A search to explain a baffling form of mental retardation exclusive to girls has led scientists to an unusual mechanism of genetic disease. The gene that goes awry is one that helps orchestrate the activity of many, if not all, of a person's genes.

The disease, called Rett syndrome, is the most common cause of severe retardation in women. It begins affecting girls when they are 12 to 18 months old, eroding speech and hand skills just as the children are learning them. Physicians diagnose thousands of cases each year, but the disease almost never recurs within a family. Epidemiologists, therefore, have doubted that Rett syndrome could be genetic. In a report in the October NATURE GENETICS, however, scientists pinpoint a gene as the cause.

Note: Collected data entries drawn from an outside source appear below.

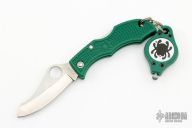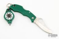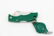 This Jester by Spyderco features a satin finished blade with thumbhole and notched thumbrest. The handle has green FRN scales, stainless steel backspacer, lanyard hole with Spyderco flashlight attached. Comes with original box and papers. Excellent condition. Rare and discontinued.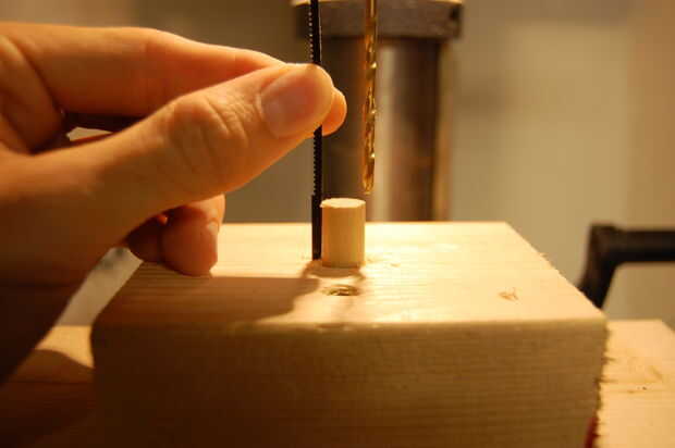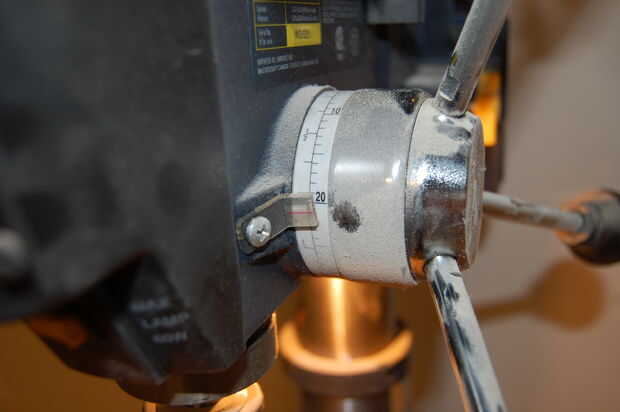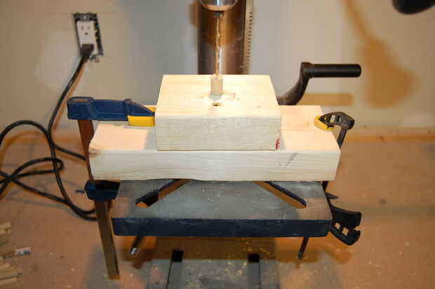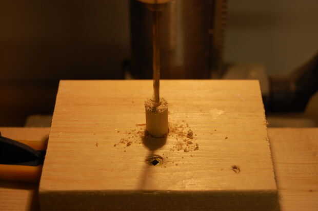 Sujete su plantilla para la mesa del taladro, de modo que el agujero quede centrado exactamente debajo de la broca. Establece el tope de profundidad para que el agujero es igual a la longitud del extremo de la hoja (aproximadamente 1/2").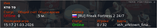 Играет на Team Fortress 2 сервере. Страна: РоссияПервый раз замечен 15:15 21.03.2026
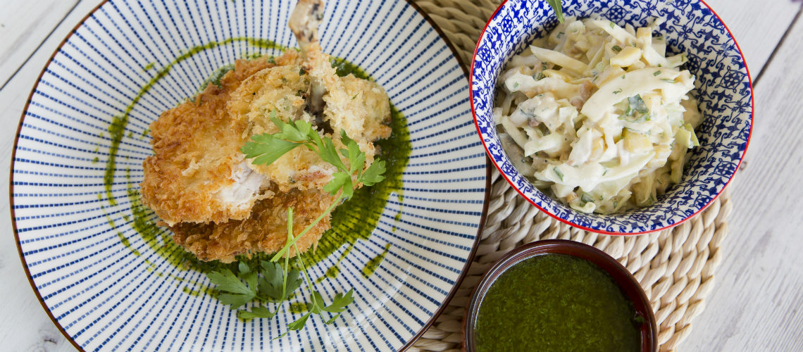 Sült csirke panko morzsában thai salátával, mangóval és fűszeres káposztával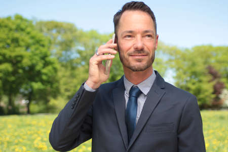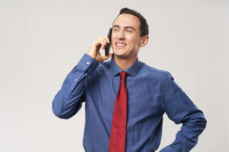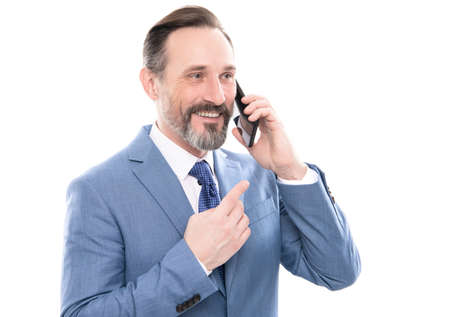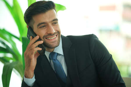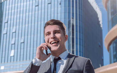 phone call. mobile connection technology. communication. glad businessman speak on smartphone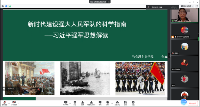包巍教授作题为《新时代建设强大人民军队的科学指南——习近平强军思想解读》的讲座。讲座从习近平强军思想的形成背景、强军之魂、强军目标和强军路径四个方面进行阐述,帮助师生党员深刻领会习近平强军思想的精神实质和丰富内涵。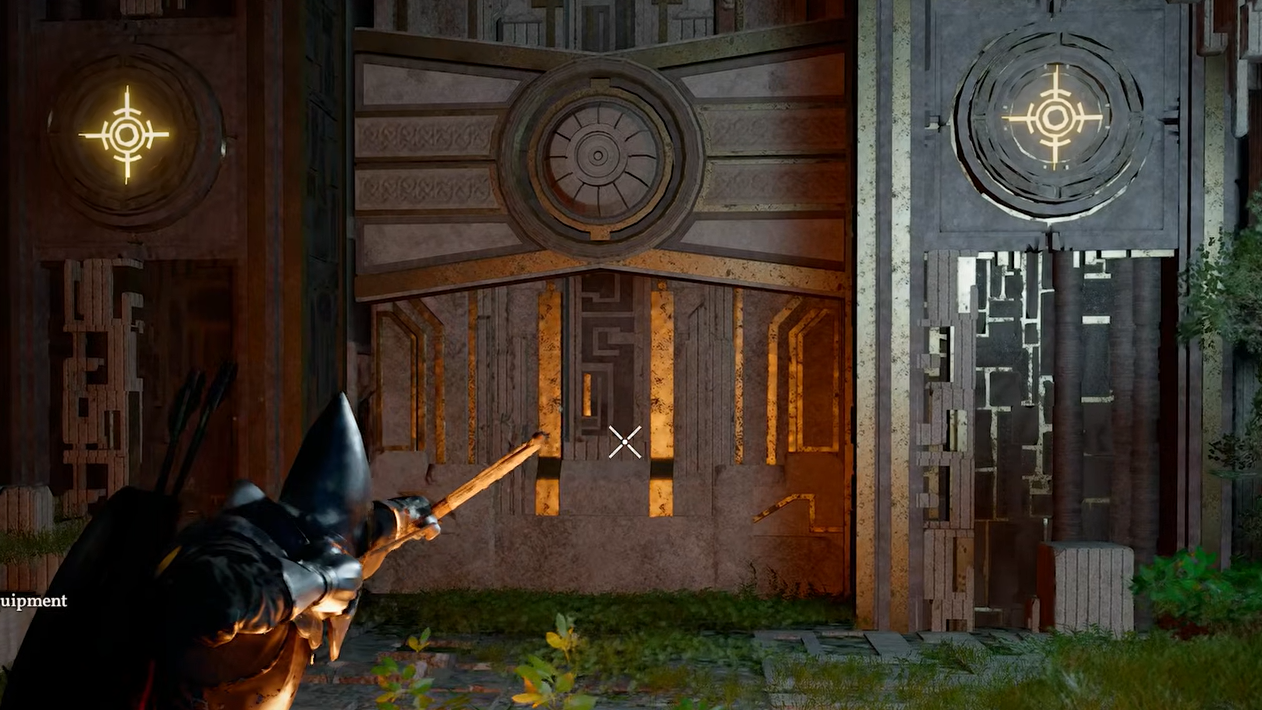 Step 2: Walk up to the vault door. Two yellow crosshair buttons sit on either side of it. Shoot one with an arrow, and a blue light ring will appear around it — you need to hit the second button before that ring fades completely. Focus Shot is the easiest way to handle this, since you can tag both targets and fire them off nearly simultaneously. After both activate, the lock disappears. Use Nature's Grasp to lift the door and step inside.

Commenting on the find, neurologist Alan K. Percy of the University of Alabama at Birmingham says, "It's absolutely fantastic. It opens whole new avenues."

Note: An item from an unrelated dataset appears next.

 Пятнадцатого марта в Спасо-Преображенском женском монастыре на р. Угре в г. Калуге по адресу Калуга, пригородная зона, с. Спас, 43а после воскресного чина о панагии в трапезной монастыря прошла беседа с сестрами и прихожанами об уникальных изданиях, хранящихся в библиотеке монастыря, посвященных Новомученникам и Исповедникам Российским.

The implicated gene figures in a biological process that scientists have studied avidly but never before associated with a disease. Known as gene silencing, the process does just what its name implies. It so tightly bundles the DNA within chromosomes that gene-reading enzymes can't get to it.

Gene silencing helps orchestrate development by preventing the bundled genes from chiming in at the wrong time. Scientists propose that defects in the gene now linked to Rett disrupt this process. They would have expected such a disruption to prove fatal, and the new study suggests that indeed is the case--but just for male fetuses.

The gene, called MECP2, resides on the X chromosome. Boys have just one X, so in a male embryo, a faulty MECP2 gene would cause the genes under its control to go unsilenced in every cell.

According to Huda Y. Zoghbi of the Howard Hughes Medical Institute at Baylor College of Medicine in Houston, male embryos probably die in the womb. That would explain, she says, why boys are missing from the epidemiologists' rolls. Zoghbi codirected the recent study with Uta Francke of Stanford University.

Girls with Rett syndrome have a defective MECP2 gene on one of their two X chromosomes and a sound gene on the other. Because every cell in a girl's body consults only one X, and picks which one at random, half her cells are ruled by the healthy silencing gene and half by the faulty copy.

Scientists are still puzzling over how girls with Rett survive at all. Defects in MECP2 must not unleash genes to the extent biologists had expected, say Huntington E Willard of Case Western Reserve University in Cleveland and Brian D. Hendrich of the University of Edinburgh in a commentary accompanying the report. One possibility is that only a few MECP2-regulated genes are freed to shout out. Another is that many genes are not silenced but are only whispering instead of blaring out of turn.

A treatment for Rett is not likely to emerge until researchers learn more, Zoghbi says. Meanwhile, says Francke, parents will benefit from the ability to screen girls for MECP2 defects. It now takes 4 to 5 years to diagnose Rett. During that time, parents don't know whether other children that they conceive will be at high risk for the condition. A diagnosis of Rett rules against this possibility because 99.5 percent of cases arise spontaneously, says Francke.

The link between Rett and gene regulation suggests a pattern. In a study reported in August, scientists at U.S. and French laboratories showed a connection between Coffin-Lowry syndrome, another form of mental retardation, and chromosome changes related to silencing.

Because nerve cells must make myriad interconnections during development, scientists regard the brain as particularly vulnerable to disruptions as an organism grows. Francke predicts that future research will link other neurological disorders to defective gene silencing.